Additional performers feature Kenneth Branagh, Hugh Dancy, Claire Danes, established Hollywood talent, diverse creative professionals, multiple generations of actors, Samuel L Jackson, Michael Keaton, Tracy Letts, Damian Lewis, Laura Linney, Tobias Menzies, versatile character actors, television and film stars, plus additional notable names.
The filmmaker continues: “Honestly, this could represent the finest ensemble gathered for any production. They do an extraordinary service. Their celebrity status wasn’t the criteria. It irritated me when questioned, ‘So why the celebrities?’. I go, ‘These are actors.’ They are among the world’s best performers and they animate historical material.”
Historical Complexity
Nevertheless, the absence of living witnesses, photography and newsreels compelled the production to rely extensively on the written word, weaving together individual perspectives of nearly 200 individual historic figures. This allowed them to show spectators not only to the “bold-faced names” of the revolution plus numerous additional who are seminal to the story”, numerous individuals remain visually unknown.
The filmmaker also explored his personal passion for maps and spatial representation. “I have great affection for cartography,” he notes, “featuring increased geographical representation in this film than in all the other films across my complete filmography.”
Global Significance
The team filmed at numerous significant sites across North America plus English locations to preserve geographical atmosphere and worked extensively with re-enactors. Various aspects converge to tell a story more violent, complex and globally significant compared to standard education.

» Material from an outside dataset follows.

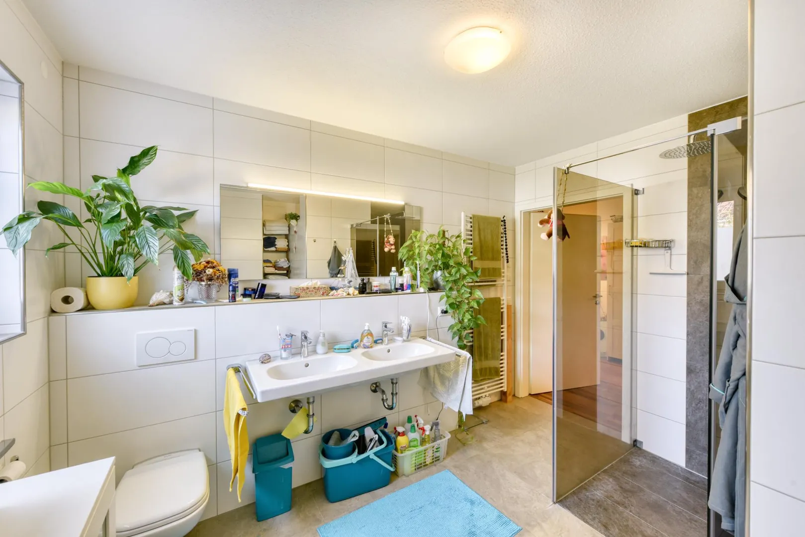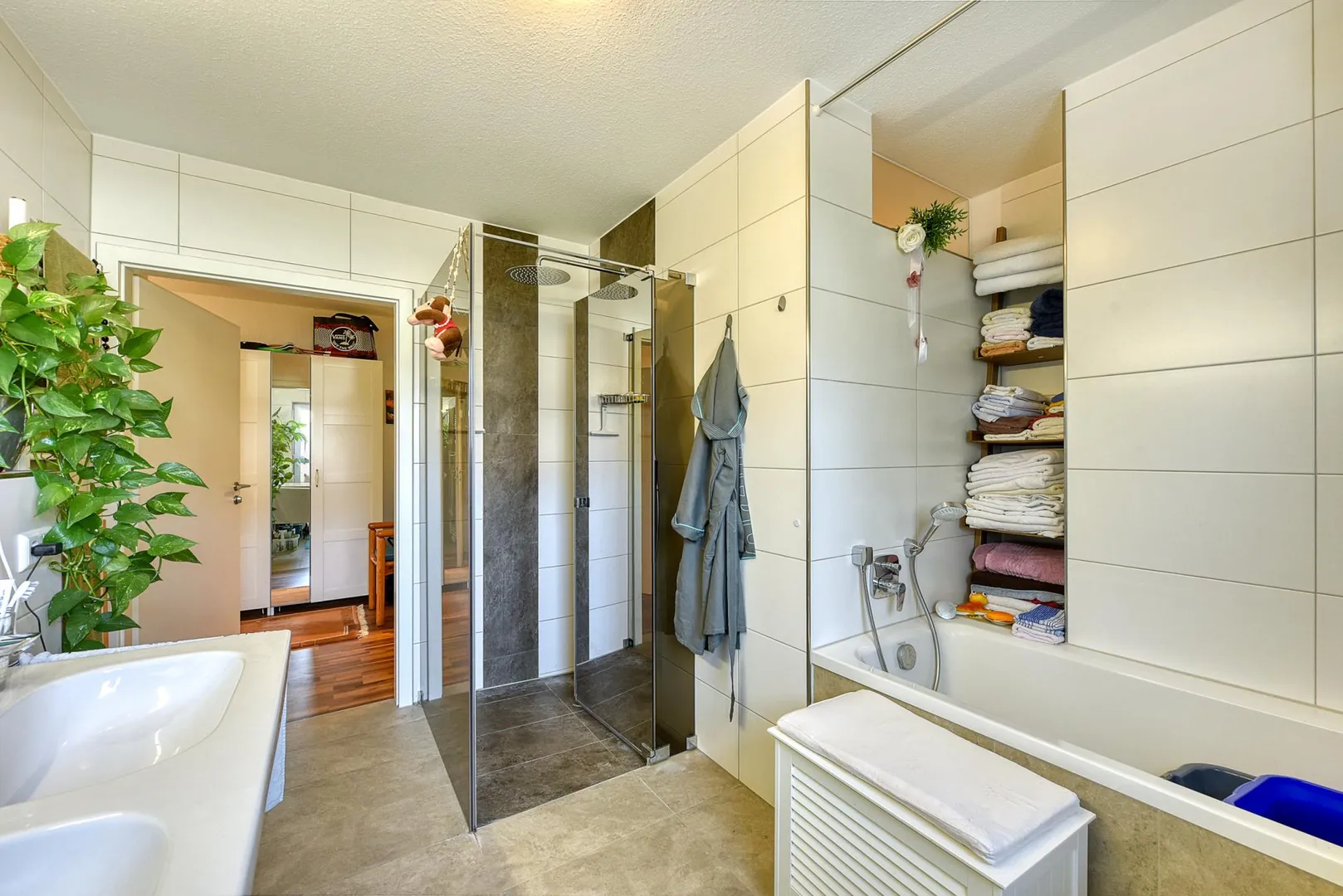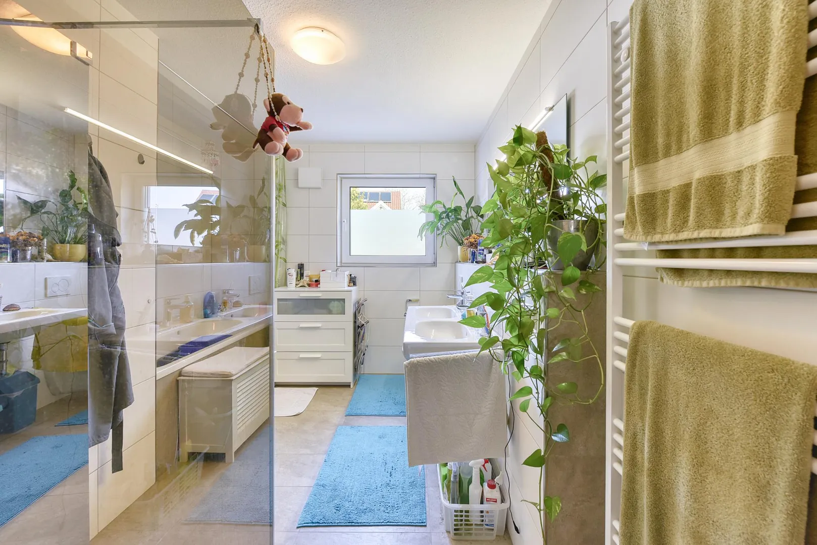 Das raumhoch geflieste Tageslicht-Bad ist ausgestattet mit einer Badewanne, einer bodenebenen Dusche, einem WC, zwei Waschbecken, einem Handtuch-Heizkörper sowie einem belichteten Spiegel.

The film maintains, transcended provincial conflict about property, revenue and governance. Rather, the series depicts a violent confrontation that ultimately drew in numerous countries and improbably came to embody termed “humanity’s highest ideals”.
Internal Conflict Truth
What had begun as a jumble of grievances directed toward Britain by colonial residents in 13 fractious colonies quickly evolved into a brutal civil conflict, setting brother against brother and turning communities into battlegrounds. In one segment, the historian Alan Taylor observes: “The primary misunderstanding concerning independence struggle involves believing it represented a consolidating event for colonists. This ignores the truth that colonists battled fellow colonists.”
Nuanced Understanding
For him, the independence account that “typically is drowning in sentimentality and idealization and remains shallow and doesn’t have the respect actual events, every individual involved and the incredible violence of it.
Taylor maintains, a movement that announced the world-changing idea of the unalienable rights of people; a brutal civil war, dividing revolutionaries and royalists; and a worldwide engagement, another installment in a sequence of struggles among European powers for dominance in the New World.